:: Extracted records

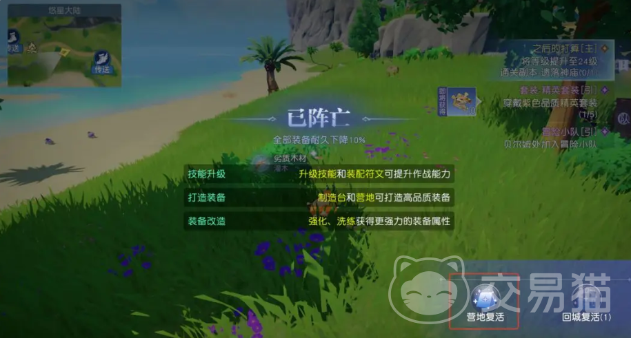 营地除了用来休息观赏风景以外,它也可以作为一个可以移动的复活点。如果玩家去参加战斗阵亡之后,想要快速的回到战场的话,这时候可以来到营地,这样可以帮助玩家节省了跑图的时间,也可以有效的避免损耗。
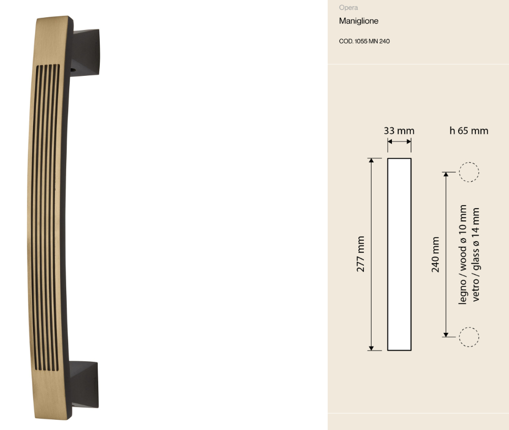 vollständig aus Messing im Handwerkerviertel Brescia gefertigte Griff Opera zeugt von der Liebe zum Detail und der Verarbeitungsqualität, die echte Produkte „Made in Italy“ seit jeher auszeichnen. Die präzise, klar definierte Rillenoberfläche unterstreicht die Festigkeit des Metalls und erzeugt ein Spiel aus Licht und Schatten, das seine Tiefe und Eleganz verstärkt.
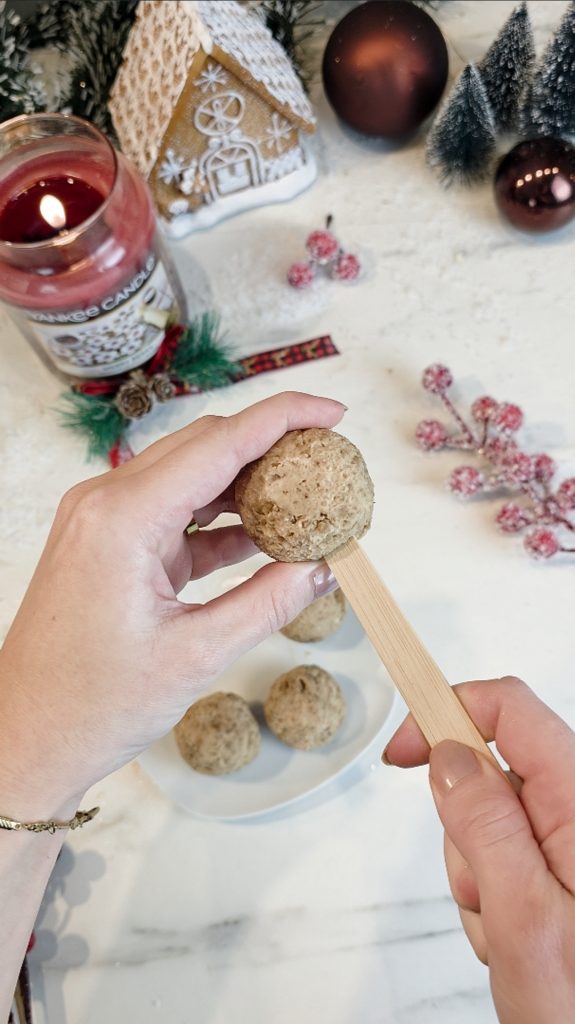 Stecke anschließend ein Eisstielchen vorsichtig in die Kugel und drücke es leicht fest. Lege die Kugel vorher kurz in den Kühlschrank, damit sie stabil wird.
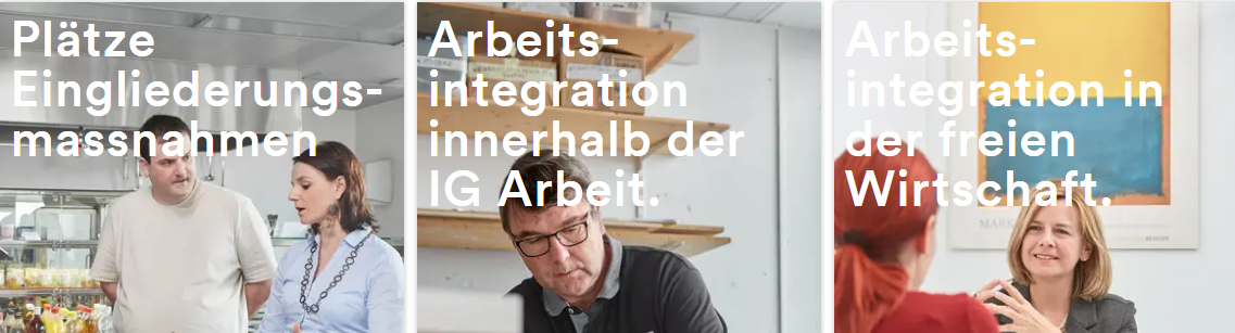 Die IG Arbeit verfügt über ein breites Angebot an Arbeits- und Ausbildungsplätzen, Beratungs- und Bildungsdienstleistungen für Menschen mit einer Leistungsbeeinträchtigung aus psychischen Gründen, die IV-Leistungen oder Sozialhilfe beziehen und / oder längere Zeit ohne Arbeit sind. Zusätzlich werden auch berufliche Eingliederungsmassnahmen der Invalidenversicherung durchgeführt.
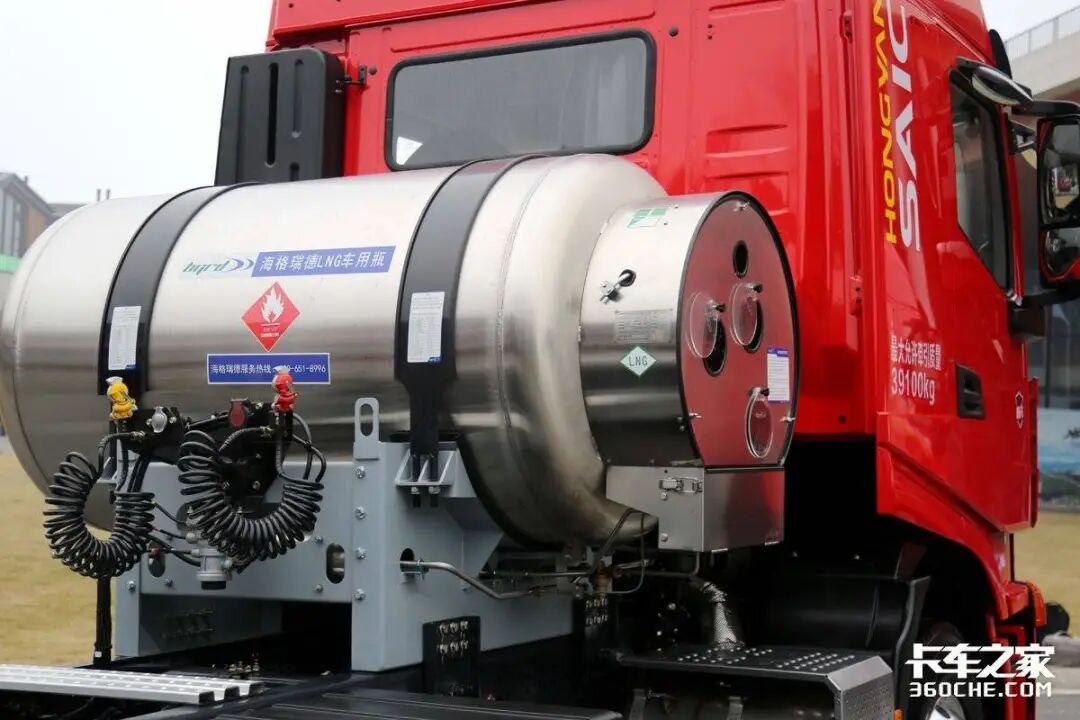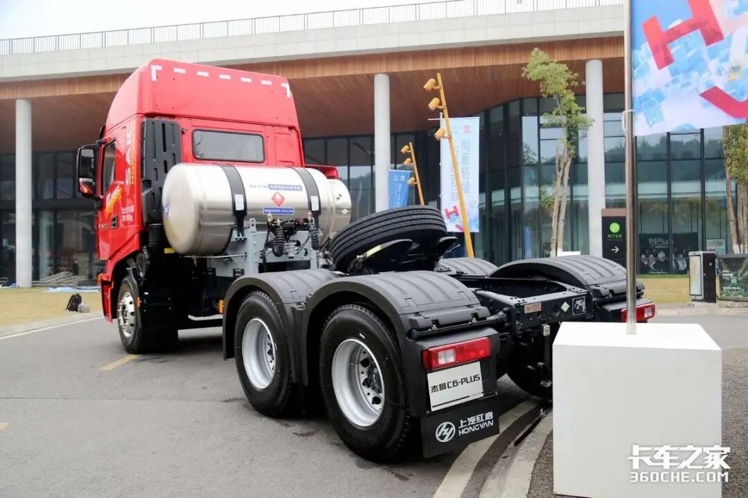 杰狮C6-PLUS 6×4 LNG牵引车的15L产品标配有1350L气瓶,可充装约449千克液化天然气,续航约1500公里。并且该车支持选装1500L气瓶,进一步延长车辆的续航表现。
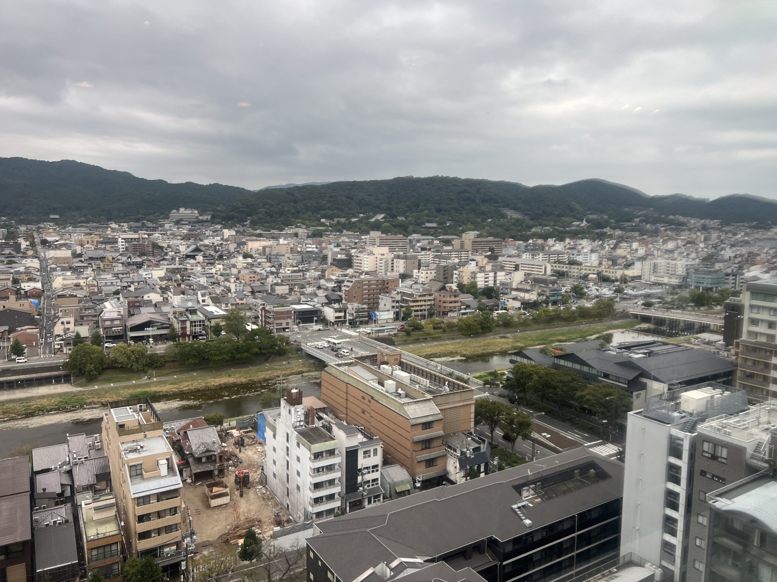 ホテルオークラの最上階から 東山36峰を見ながら 昔話で盛り上がってました。
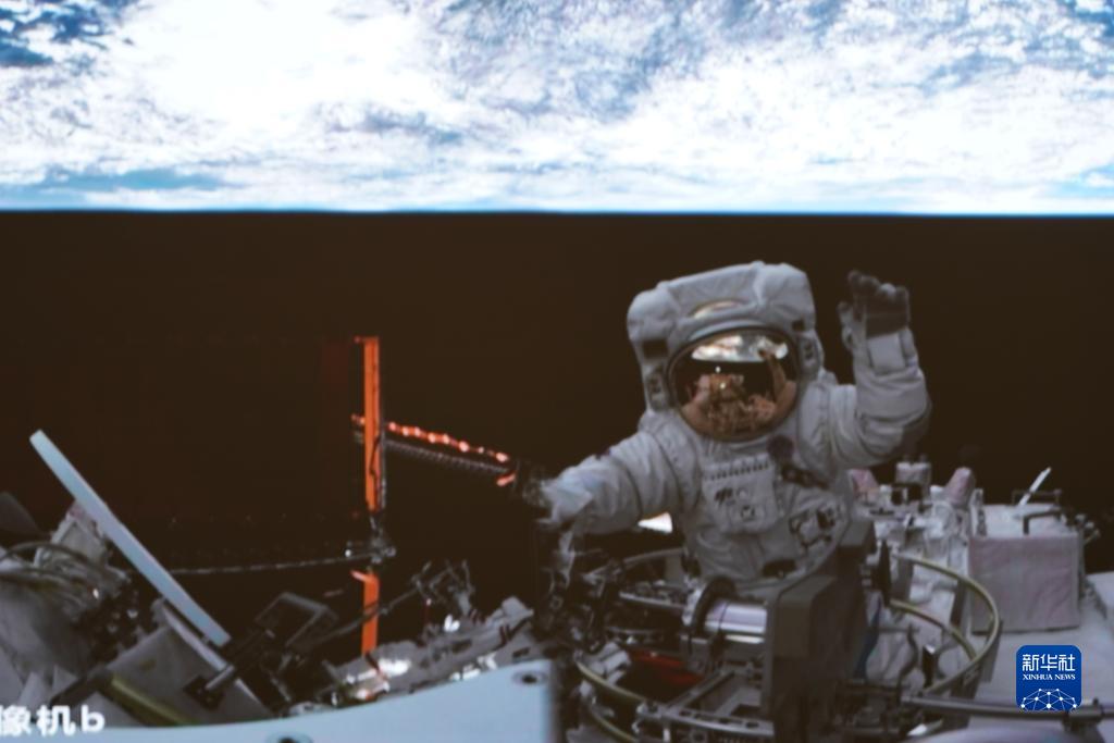 4月15日在北京航天飛行控制中心拍攝的神舟十五號航天員張陸結束出艙任務返回問天實驗艙時揮手致意的畫面。
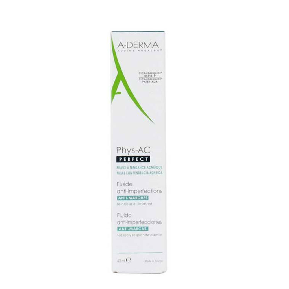 Η A-Derma Phys-AC Perfect Fluide κατά των ατελειών και κατά των σημαδιών, προσφέρει φροντίδα στο δέρμα για τις γυναίκες που εμφανίζουν ατέλειες ακνεϊκού τύπου. Αποσυμφορεί τους φραγμένους πόρους και μειώνει τις υπολειμματικές βλάβες, χάρη στο κατοχυρωμένο Cicahyalumide®. Προσφέρει ματ όψη, ενυδατώνει το δέρμα και επαναφέρει την ισορροπία.
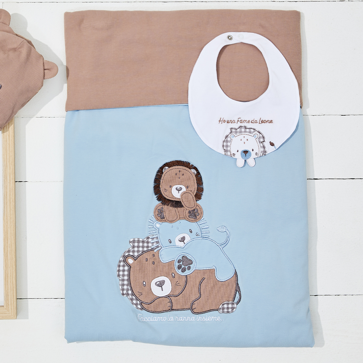 Cubierto con algodón con tela y aplicaciones de bordado, modelo de silla de ruedas.
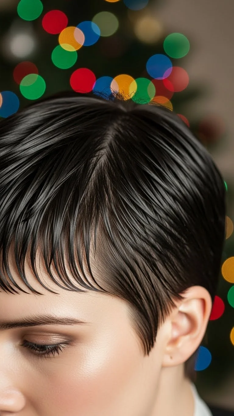 A wet-look pixie feels bold for a holiday gathering. Use a styling gel mixed with a touch of conditioner to keep it soft. Comb it back or to the side. Budget tip: Many drugstore gels work just as well as pricier versions. Start small and add more if needed. Define subtle lines with a fine-tooth comb. Let the style air-dry so it sets naturally. This look remains controlled all night and requires little adjusting.

::::

The problem —
Write the lines above out again exactly, without any of their pictures.

Expected answer —
 营地除了用来休息观赏风景以外,它也可以作为一个可以移动的复活点。如果玩家去参加战斗阵亡之后,想要快速的回到战场的话,这时候可以来到营地,这样可以帮助玩家节省了跑图的时间,也可以有效的避免损耗。
 vollständig aus Messing im Handwerkerviertel Brescia gefertigte Griff Opera zeugt von der Liebe zum Detail und der Verarbeitungsqualität, die echte Produkte „Made in Italy“ seit jeher auszeichnen. Die präzise, klar definierte Rillenoberfläche unterstreicht die Festigkeit des Metalls und erzeugt ein Spiel aus Licht und Schatten, das seine Tiefe und Eleganz verstärkt.
 Stecke anschließend ein Eisstielchen vorsichtig in die Kugel und drücke es leicht fest. Lege die Kugel vorher kurz in den Kühlschrank, damit sie stabil wird.
 Die IG Arbeit verfügt über ein breites Angebot an Arbeits- und Ausbildungsplätzen, Beratungs- und Bildungsdienstleistungen für Menschen mit einer Leistungsbeeinträchtigung aus psychischen Gründen, die IV-Leistungen oder Sozialhilfe beziehen und / oder längere Zeit ohne Arbeit sind. Zusätzlich werden auch berufliche Eingliederungsmassnahmen der Invalidenversicherung durchgeführt.
 杰狮C6-PLUS 6×4 LNG牵引车的15L产品标配有1350L气瓶,可充装约449千克液化天然气,续航约1500公里。并且该车支持选装1500L气瓶,进一步延长车辆的续航表现。
 ホテルオークラの最上階から 東山36峰を見ながら 昔話で盛り上がってました。
 4月15日在北京航天飛行控制中心拍攝的神舟十五號航天員張陸結束出艙任務返回問天實驗艙時揮手致意的畫面。
 Η A-Derma Phys-AC Perfect Fluide κατά των ατελειών και κατά των σημαδιών, προσφέρει φροντίδα στο δέρμα για τις γυναίκες που εμφανίζουν ατέλειες ακνεϊκού τύπου. Αποσυμφορεί τους φραγμένους πόρους και μειώνει τις υπολειμματικές βλάβες, χάρη στο κατοχυρωμένο Cicahyalumide®. Προσφέρει ματ όψη, ενυδατώνει το δέρμα και επαναφέρει την ισορροπία.
 Cubierto con algodón con tela y aplicaciones de bordado, modelo de silla de ruedas.
 A wet-look pixie feels bold for a holiday gathering. Use a styling gel mixed with a touch of conditioner to keep it soft. Comb it back or to the side. Budget tip: Many drugstore gels work just as well as pricier versions. Start small and add more if needed. Define subtle lines with a fine-tooth comb. Let the style air-dry so it sets naturally. This look remains controlled all night and requires little adjusting.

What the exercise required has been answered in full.